# Aim of the task
Repeat the listing word for word. Leave every picture out.

START Dataset content

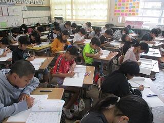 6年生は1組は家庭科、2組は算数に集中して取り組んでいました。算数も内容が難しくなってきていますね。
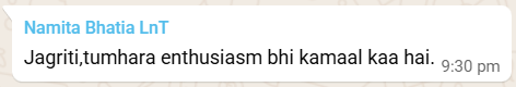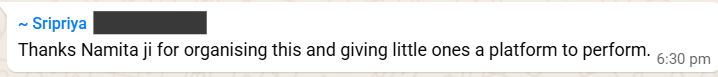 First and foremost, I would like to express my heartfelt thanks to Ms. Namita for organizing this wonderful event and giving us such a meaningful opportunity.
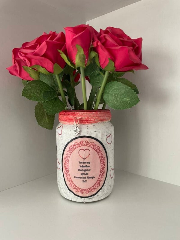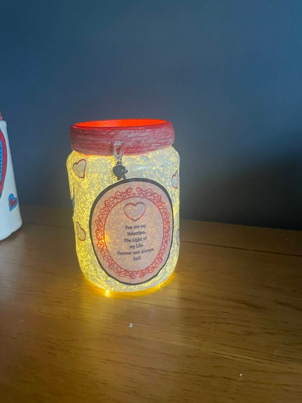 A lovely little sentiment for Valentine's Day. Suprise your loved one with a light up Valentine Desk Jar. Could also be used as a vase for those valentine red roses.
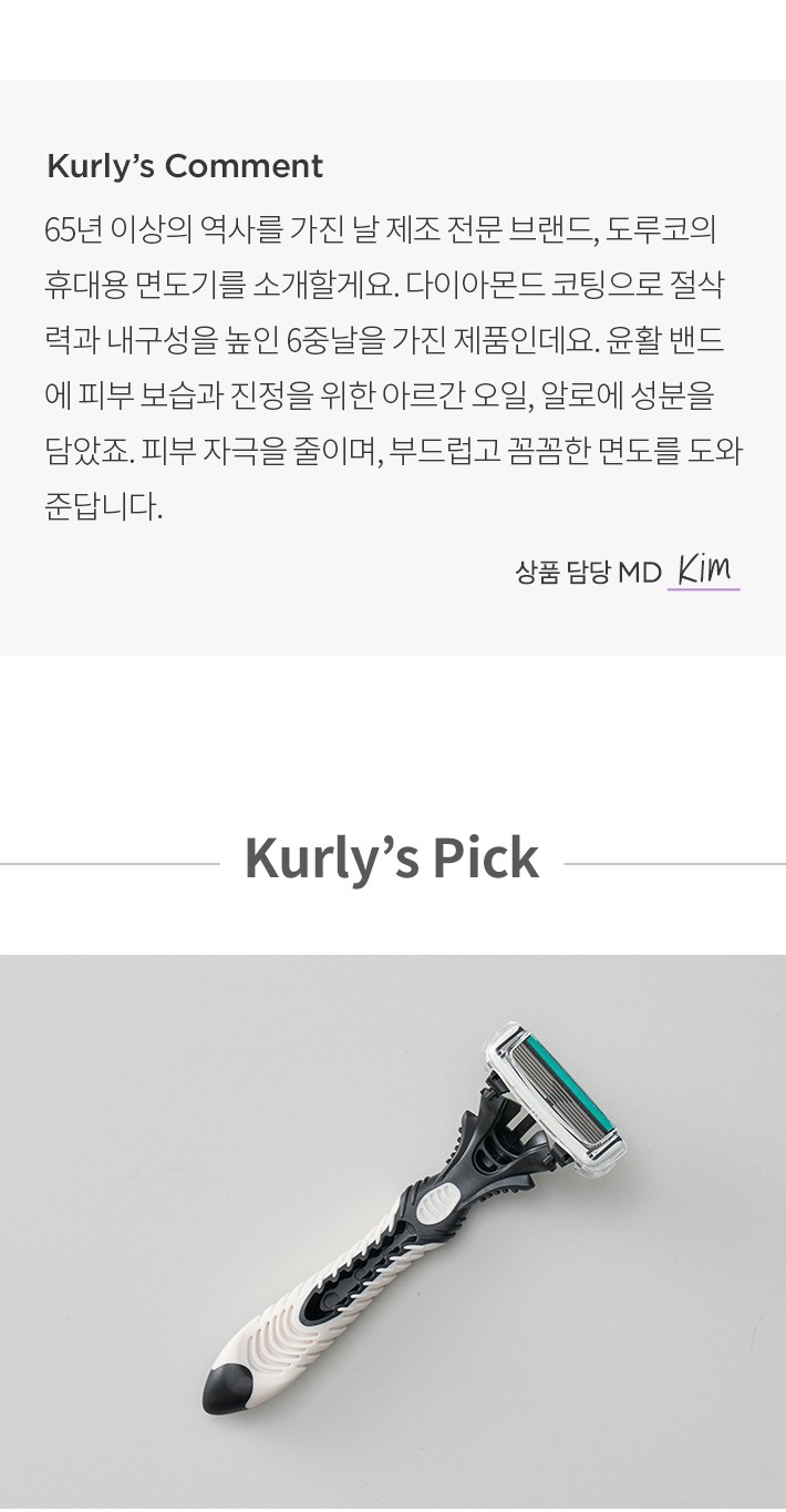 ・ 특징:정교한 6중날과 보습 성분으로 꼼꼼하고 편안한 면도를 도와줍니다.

END Dataset content

# Solution to this exercise
 6年生は1組は家庭科、2組は算数に集中して取り組んでいました。算数も内容が難しくなってきていますね。
 First and foremost, I would like to express my heartfelt thanks to Ms. Namita for organizing this wonderful event and giving us such a meaningful opportunity.
 A lovely little sentiment for Valentine's Day. Suprise your loved one with a light up Valentine Desk Jar. Could also be used as a vase for those valentine red roses.
 ・ 특징:정교한 6중날과 보습 성분으로 꼼꼼하고 편안한 면도를 도와줍니다.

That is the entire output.